As for financial-aid award letters, more than 90 percent of respondents favored a standard format. Federal officials have proposed a uniform Financial Aid Shopping Sheet, but for now colleges are not required to use it.

Many colleges’ letters include such difficult language that they’re a challenge to decipher, said Julie M. Morgan, associate director for postsecondary education at the Center for American Progress, and a panelist here on Wednesday. She is a lawyer, she said, and still finds the letters complicated.

Bolstering Pell Grants

Beyond regulation, a majority of students would like to see greater federal spending on financial aid, Young Invincibles said. Three-quarters of respondents to the survey, for example, opposed cutting Pell Grants.

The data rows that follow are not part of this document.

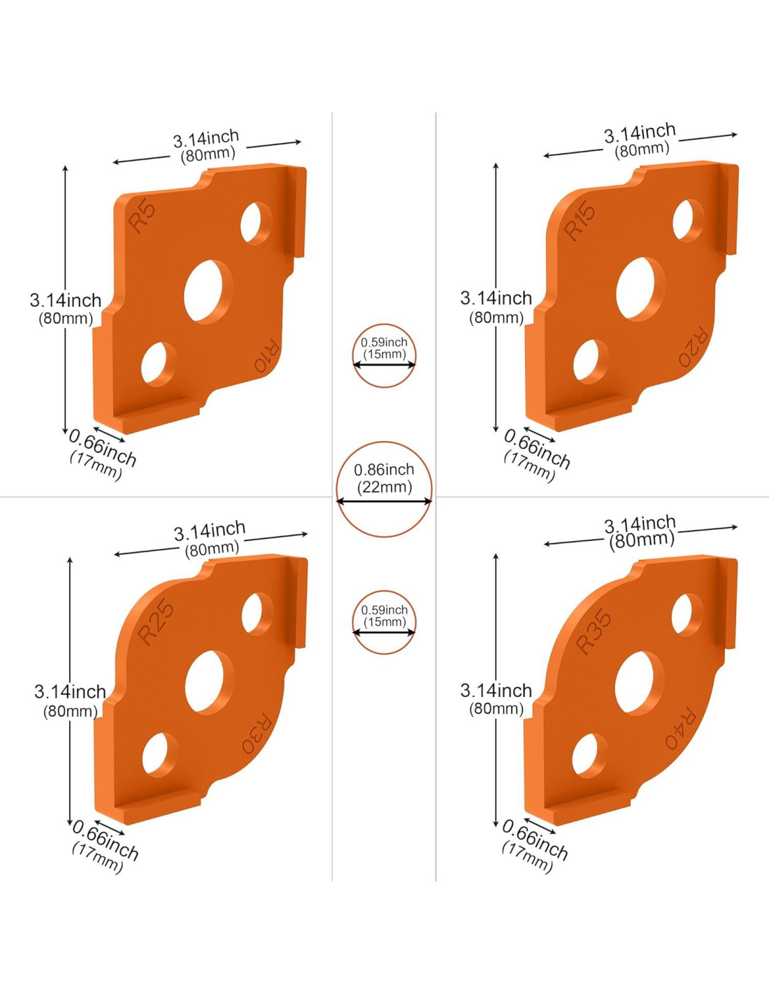 - [Herramientas de carpintería profesionales]: Está diseñado con tres agujeros para evitar cortes. Este conjunto de herramientas permite recortar los bordes y esquinas de la tabla. Lo llamamos Radius Quick-Jig (Plantilla de Esquina). ¡Usa estos para cortar el radio exterior! Herramientas de carpintería prácticas y profesionales pueden hacer que el trabajo sea fluido y eficiente.
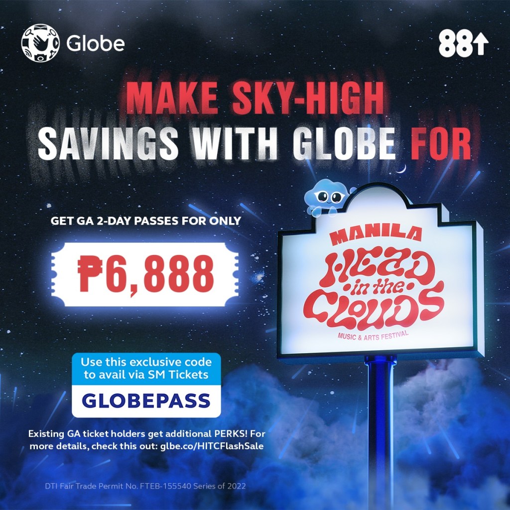 “We are thrilled to be part of Head in the Clouds and we want to share this excitement with our Globe Subscribers by offering Globe-exclusive discounts on the GA Passes. This way, we can expose more people not only to established Asian artists but also to creative young Asian talents who are breaking into the global stage,” said Pia Gonzalez-Colby, Globe Chief Marketing Officer.
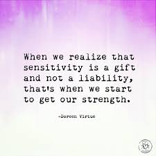 Instead of viewing my sensitivity as a weakness, I'm going to start looking at it as a strength. After all, my sensitivity helps me feel compassion, sympathy and empathy for others. It helps me feel things very deeply, which allows me to be passionate; and being passionate is one of my favorite components of my personality. My sensitivity also allows me to connect more easily with others and helps me be there for people when they need me. It helps me stay in tune with my emotions and lets me know when I need to take a look at myself and what I'm feeling.
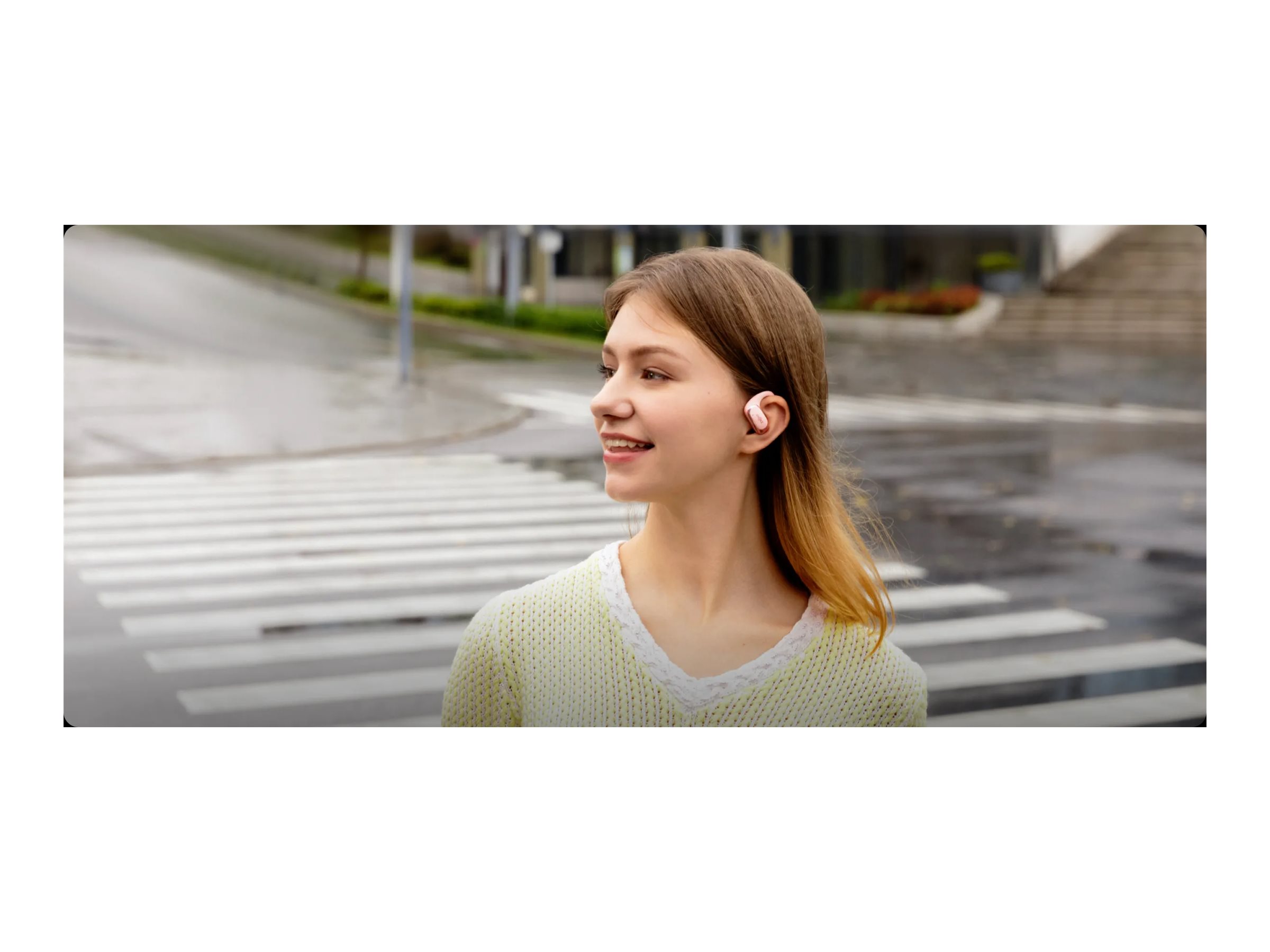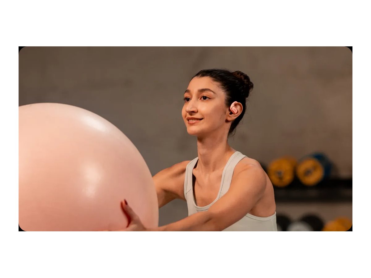 Disse ægte trådløse øretelefoner er designet med en åben øremontering og fremstillet af letvægtsmaterialer i polykarbonat, silikone og rustfrit stål og giver en behagelig, sikker pasform til brug hele dagen uden at gå på kompromis med lydkvaliteten.
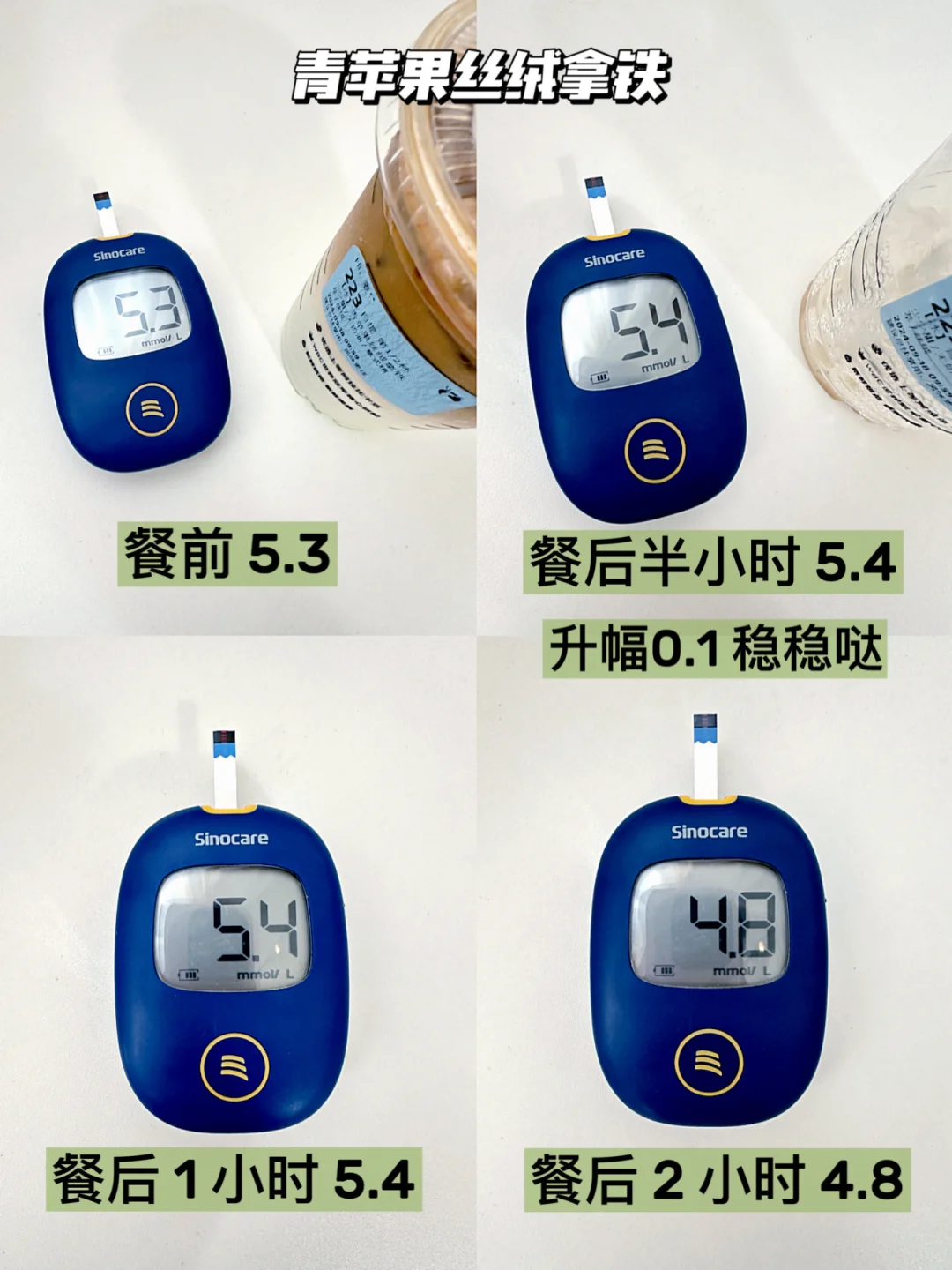 瑞幸青苹果丝绒拿铁&青苹果小铁升糖测试来咯[鼓掌R][鼓掌R]两杯都是0卡糖,来看看升糖情况如何✔
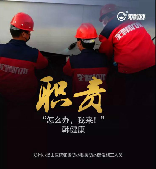 2020年2月4日,驼峰防水迅速成立“郑州小汤山”医院捐赠专项小组。2月4日晚上8:00,首批30吨防水物资火速抵达郑州小汤山医院。2月9日晚上6:00,驼峰防水再次收到中建七局补充防水材料的“紧急通知”。2月9日晚上12:00,第二批防水物资迅驼峰用最短时间将所需材料运输到现场,交于驼峰防水施工团队后,在确保施工质量的前提下,再次完成任务,打赢疫情反击战。
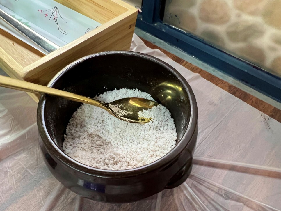 앞서 소개한 천일염 구운소금이 테이블에 놓여있네요.
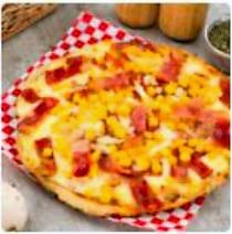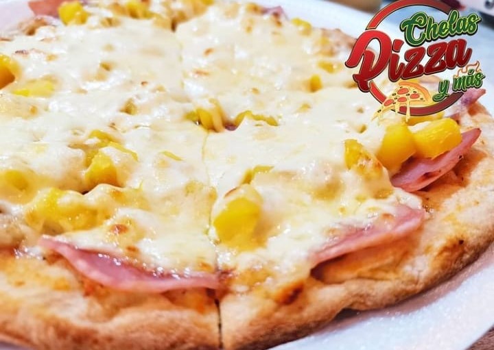 Pollo en trocitos, jamón & piña, maíz, mozzarella, papita fosforito y salsas de la casa.
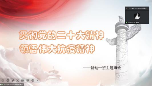 班会第一部分由孙梦园同学主持,主题为“学习贯彻党的二十大精神,领悟伟大抗疫精神”。
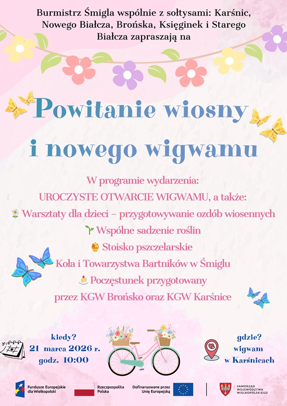 uroczyste otwarcie wigwamu, a także warsztaty dla dzieci - przygotowanie ozdób wiosennych, wspólne sadzenie roślin, stoisko pszczelarskie Koła i Towarzystwa Bartników w Śmiglu.

The group has proposed several reforms for the Pell Grant program, including two new components it calls PellWorks and PellPlus.

The first program would convert Federal Work-Study dollars into Pell funds for community colleges and other institutions that could demonstrate their ability to place students in high-need skills areas. Rather than giving more Federal Work-Study money to colleges that stay in the program, PellWorks would ensure allocations to institutions where students have greater need, the group said.

PellPlus, meanwhile, would reserve the Federal Supplemental Educational Opportunity Grant for colleges that enroll more Pell recipients and graduate the highest percentage of high-risk students. That proposal is somewhat similar to a plan President Obama laid out in his 2012 budget request.

In addition to those recommendations, Young Invincibles called for greater transparency around financial aid and loans. The group also lobbied for a single federal loan program, as well as borrowers’ automatic entry into the federal income-based repayment program.

While the advocates acknowledged that such reforms may take years to realize, they argued that legislators and federal officials must listen to students, as policies made without their input could be ineffective or even detrimental.

“We’re at a turning point in our country in higher education,” said Aaron Smith, co-founder and executive director of Young Invincibles. “Congress should be more deliberate in reaching out to students. If we are engaged early, we can be powerful allies.”